The Debano massacre was a mass extrajudicial killing that took place in Debano () in the Tigray Region of Ethiopia during the Tigray War, around 11 January 2021. Debano, also called Endabano, is a tabiya that belongs to  woreda  Kayeh Tehli, Central zone of Tigray.

Massacre
The Amhara Region’s armed forces killed dozens of civilians in Debano (Central Tigray) on 11 January 2021.
Debano comprises four villages, by decreasing order of importance: Sagla, Serawit, Daba Paulos, and Daba Tadios. Homesteads are scattered and population density is low. It is a hilly land with altitudes varying from 1416 to 1624 m a.s.l., on the southern banks of the  Weri’i River; there are numerous bushlands. There was fighting in Debano between ENDF and TDF; the people fled to mountains near  Weri’i River, away from the road.

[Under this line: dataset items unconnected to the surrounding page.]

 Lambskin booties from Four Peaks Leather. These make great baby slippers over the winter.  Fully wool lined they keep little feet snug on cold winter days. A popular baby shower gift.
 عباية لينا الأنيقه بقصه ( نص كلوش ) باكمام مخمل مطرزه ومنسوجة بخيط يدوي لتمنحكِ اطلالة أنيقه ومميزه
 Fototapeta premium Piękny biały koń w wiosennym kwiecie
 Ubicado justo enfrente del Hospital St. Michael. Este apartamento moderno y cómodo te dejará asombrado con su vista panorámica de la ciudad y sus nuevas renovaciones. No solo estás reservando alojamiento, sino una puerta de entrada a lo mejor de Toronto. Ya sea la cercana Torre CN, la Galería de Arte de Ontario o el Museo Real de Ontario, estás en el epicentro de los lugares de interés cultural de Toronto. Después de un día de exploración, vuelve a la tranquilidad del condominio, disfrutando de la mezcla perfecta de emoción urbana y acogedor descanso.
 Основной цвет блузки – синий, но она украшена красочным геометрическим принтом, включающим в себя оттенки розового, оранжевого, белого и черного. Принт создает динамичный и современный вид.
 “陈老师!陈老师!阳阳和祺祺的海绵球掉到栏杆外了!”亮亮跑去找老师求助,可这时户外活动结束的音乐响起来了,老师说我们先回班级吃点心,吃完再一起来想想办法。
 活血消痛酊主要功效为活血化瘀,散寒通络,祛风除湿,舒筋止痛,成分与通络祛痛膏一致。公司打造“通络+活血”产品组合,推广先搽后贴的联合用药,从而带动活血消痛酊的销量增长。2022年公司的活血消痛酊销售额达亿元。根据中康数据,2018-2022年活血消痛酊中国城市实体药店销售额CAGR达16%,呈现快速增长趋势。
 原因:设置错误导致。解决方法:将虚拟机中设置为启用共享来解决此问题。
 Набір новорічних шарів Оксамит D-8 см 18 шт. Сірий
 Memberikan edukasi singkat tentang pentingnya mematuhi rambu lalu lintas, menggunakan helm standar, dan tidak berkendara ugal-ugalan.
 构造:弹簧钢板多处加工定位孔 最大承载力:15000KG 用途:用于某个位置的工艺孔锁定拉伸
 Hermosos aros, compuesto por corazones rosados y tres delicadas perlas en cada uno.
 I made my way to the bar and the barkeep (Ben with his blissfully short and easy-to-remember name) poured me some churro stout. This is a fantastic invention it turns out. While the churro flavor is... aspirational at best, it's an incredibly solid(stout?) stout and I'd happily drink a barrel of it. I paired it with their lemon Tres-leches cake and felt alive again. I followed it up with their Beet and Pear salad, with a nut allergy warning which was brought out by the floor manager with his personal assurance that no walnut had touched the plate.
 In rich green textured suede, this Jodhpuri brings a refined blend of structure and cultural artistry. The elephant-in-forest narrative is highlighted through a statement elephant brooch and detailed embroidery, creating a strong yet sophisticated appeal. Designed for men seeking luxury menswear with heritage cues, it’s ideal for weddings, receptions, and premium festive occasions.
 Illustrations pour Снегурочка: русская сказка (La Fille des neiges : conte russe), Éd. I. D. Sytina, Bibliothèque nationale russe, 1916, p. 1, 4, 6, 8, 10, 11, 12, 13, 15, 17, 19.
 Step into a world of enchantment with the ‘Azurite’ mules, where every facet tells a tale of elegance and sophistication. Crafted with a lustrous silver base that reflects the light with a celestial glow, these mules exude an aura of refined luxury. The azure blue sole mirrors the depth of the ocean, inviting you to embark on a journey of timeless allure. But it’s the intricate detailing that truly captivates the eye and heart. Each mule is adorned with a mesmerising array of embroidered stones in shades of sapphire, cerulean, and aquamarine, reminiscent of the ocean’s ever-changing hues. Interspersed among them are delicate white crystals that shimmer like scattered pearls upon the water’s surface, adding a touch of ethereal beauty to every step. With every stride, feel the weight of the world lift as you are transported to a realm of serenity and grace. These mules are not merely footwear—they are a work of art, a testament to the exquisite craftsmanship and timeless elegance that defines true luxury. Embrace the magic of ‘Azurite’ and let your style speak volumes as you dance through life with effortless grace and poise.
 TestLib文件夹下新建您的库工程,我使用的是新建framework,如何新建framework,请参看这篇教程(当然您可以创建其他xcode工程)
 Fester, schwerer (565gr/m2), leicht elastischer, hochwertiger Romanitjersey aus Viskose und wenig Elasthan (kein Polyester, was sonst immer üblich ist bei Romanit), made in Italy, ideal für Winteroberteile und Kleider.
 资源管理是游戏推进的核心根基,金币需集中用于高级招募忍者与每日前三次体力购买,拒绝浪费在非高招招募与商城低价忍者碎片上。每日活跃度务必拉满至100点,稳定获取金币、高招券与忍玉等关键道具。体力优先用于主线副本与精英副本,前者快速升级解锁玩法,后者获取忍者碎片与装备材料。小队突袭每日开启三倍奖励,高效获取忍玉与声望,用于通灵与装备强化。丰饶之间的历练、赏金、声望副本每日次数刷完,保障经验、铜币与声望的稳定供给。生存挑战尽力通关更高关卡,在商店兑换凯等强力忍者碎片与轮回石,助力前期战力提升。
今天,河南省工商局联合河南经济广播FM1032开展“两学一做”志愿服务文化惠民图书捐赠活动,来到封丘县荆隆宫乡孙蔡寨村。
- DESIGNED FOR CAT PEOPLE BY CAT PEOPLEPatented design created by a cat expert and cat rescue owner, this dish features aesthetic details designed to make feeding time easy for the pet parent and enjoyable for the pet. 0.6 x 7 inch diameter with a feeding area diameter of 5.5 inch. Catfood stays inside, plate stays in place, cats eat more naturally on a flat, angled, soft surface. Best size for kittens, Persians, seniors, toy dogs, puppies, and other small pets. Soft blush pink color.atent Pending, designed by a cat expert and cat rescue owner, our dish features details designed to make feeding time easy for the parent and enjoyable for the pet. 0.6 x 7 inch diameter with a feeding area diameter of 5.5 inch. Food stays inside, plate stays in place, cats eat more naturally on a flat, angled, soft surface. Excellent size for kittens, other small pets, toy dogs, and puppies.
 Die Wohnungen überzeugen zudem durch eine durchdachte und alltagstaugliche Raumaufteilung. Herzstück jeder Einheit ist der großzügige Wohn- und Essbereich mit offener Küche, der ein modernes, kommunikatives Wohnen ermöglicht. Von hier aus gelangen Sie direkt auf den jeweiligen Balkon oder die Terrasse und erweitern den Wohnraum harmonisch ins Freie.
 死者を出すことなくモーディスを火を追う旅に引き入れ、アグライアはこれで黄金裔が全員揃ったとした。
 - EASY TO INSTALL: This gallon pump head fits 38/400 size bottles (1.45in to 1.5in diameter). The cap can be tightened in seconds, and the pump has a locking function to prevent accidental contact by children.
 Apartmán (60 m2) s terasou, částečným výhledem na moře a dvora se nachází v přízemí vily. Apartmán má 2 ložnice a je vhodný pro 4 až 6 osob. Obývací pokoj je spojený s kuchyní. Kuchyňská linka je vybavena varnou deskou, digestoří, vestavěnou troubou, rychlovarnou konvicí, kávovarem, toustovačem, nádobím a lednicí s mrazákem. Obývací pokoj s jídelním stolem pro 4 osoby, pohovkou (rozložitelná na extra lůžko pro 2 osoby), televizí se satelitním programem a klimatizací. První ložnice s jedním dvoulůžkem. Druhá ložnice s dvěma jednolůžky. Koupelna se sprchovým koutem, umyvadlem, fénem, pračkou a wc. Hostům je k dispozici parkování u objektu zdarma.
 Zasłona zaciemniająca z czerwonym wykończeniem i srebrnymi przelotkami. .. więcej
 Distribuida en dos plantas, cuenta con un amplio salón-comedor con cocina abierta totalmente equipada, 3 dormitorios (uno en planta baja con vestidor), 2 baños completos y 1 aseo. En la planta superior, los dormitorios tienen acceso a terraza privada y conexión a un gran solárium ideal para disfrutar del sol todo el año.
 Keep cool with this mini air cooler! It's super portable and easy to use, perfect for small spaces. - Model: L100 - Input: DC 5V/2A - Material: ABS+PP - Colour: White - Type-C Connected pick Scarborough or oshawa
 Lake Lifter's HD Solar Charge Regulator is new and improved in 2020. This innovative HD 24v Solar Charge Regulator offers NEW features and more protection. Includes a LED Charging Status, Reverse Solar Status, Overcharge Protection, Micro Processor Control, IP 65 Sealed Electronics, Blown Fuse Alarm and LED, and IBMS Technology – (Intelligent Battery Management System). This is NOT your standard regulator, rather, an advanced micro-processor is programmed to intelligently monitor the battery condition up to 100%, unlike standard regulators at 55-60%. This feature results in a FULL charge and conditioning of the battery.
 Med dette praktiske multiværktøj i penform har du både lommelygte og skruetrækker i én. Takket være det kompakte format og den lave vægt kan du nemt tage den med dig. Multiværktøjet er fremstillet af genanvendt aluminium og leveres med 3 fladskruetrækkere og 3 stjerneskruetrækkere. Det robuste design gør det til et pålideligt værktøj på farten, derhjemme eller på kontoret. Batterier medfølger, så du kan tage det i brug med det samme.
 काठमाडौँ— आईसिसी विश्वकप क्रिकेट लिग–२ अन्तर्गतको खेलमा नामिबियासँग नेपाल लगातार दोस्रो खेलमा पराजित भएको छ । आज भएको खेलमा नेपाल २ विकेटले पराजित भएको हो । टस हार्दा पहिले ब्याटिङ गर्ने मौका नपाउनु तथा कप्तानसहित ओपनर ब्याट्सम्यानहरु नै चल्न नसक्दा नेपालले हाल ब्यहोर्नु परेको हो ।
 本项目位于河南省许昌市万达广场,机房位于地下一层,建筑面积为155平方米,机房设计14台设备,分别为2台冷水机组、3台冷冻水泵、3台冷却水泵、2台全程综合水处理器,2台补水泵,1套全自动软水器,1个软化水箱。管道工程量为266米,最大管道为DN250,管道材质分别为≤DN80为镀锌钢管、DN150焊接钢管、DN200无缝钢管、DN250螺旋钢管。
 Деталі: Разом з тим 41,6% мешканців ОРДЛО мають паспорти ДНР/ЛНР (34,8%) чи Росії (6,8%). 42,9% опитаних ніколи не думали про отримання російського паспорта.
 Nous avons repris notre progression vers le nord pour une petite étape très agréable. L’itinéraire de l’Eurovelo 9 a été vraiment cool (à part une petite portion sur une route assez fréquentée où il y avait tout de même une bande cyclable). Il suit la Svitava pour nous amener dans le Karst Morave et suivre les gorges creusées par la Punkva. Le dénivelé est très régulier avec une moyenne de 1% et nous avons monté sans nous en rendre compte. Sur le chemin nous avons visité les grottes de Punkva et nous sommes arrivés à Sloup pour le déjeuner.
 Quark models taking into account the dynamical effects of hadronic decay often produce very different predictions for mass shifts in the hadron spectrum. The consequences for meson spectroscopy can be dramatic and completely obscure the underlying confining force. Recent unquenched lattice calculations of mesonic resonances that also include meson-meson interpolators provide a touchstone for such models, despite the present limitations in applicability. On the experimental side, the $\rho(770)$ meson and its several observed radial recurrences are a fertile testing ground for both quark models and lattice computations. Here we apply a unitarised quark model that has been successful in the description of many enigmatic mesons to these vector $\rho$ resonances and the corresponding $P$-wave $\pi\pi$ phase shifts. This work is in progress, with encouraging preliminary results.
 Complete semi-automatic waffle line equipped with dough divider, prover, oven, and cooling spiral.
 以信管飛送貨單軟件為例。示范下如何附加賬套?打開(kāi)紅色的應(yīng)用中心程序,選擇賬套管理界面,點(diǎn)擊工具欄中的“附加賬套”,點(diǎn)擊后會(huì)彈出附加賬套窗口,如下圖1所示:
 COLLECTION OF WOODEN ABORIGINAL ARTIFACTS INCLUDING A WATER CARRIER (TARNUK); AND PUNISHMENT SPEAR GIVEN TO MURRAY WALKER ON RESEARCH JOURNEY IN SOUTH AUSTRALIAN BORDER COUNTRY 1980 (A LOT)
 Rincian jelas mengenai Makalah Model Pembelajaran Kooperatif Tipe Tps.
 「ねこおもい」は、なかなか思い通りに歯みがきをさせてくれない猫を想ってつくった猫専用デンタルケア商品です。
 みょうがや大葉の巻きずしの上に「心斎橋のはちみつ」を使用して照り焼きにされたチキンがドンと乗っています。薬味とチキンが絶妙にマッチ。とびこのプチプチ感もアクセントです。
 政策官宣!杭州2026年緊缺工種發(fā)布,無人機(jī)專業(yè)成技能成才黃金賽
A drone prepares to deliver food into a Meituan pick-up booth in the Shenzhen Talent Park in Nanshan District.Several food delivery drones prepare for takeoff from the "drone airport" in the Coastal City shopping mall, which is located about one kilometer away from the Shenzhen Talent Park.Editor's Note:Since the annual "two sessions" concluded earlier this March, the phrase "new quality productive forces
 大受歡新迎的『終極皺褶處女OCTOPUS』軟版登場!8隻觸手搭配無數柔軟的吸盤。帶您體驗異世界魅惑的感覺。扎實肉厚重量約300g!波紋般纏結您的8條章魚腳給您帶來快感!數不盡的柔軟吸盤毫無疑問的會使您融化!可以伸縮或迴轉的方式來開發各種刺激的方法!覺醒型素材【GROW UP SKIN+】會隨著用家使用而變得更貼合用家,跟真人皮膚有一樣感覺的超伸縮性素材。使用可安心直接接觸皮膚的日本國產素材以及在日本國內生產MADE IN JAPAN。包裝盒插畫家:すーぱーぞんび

Later that day, Kibrom was wounded while walking on a mine, and two of his friends were killed. Both Kibrom’s legs have been amputated.

Perpetrators
Eyewitness and victim Kibrom interpreted the identity of the perpetrators as soldiers of Amhara Region’s special forces.

Victims
The “Tigray: Atlas of the humanitarian situation” mentions approximately 30 victims.

Reactions
The “Tigray: Atlas of the humanitarian situation”, that documented this massacre received international media attention, particularly regarding its Annex A, that lists massacres in the Tigray War.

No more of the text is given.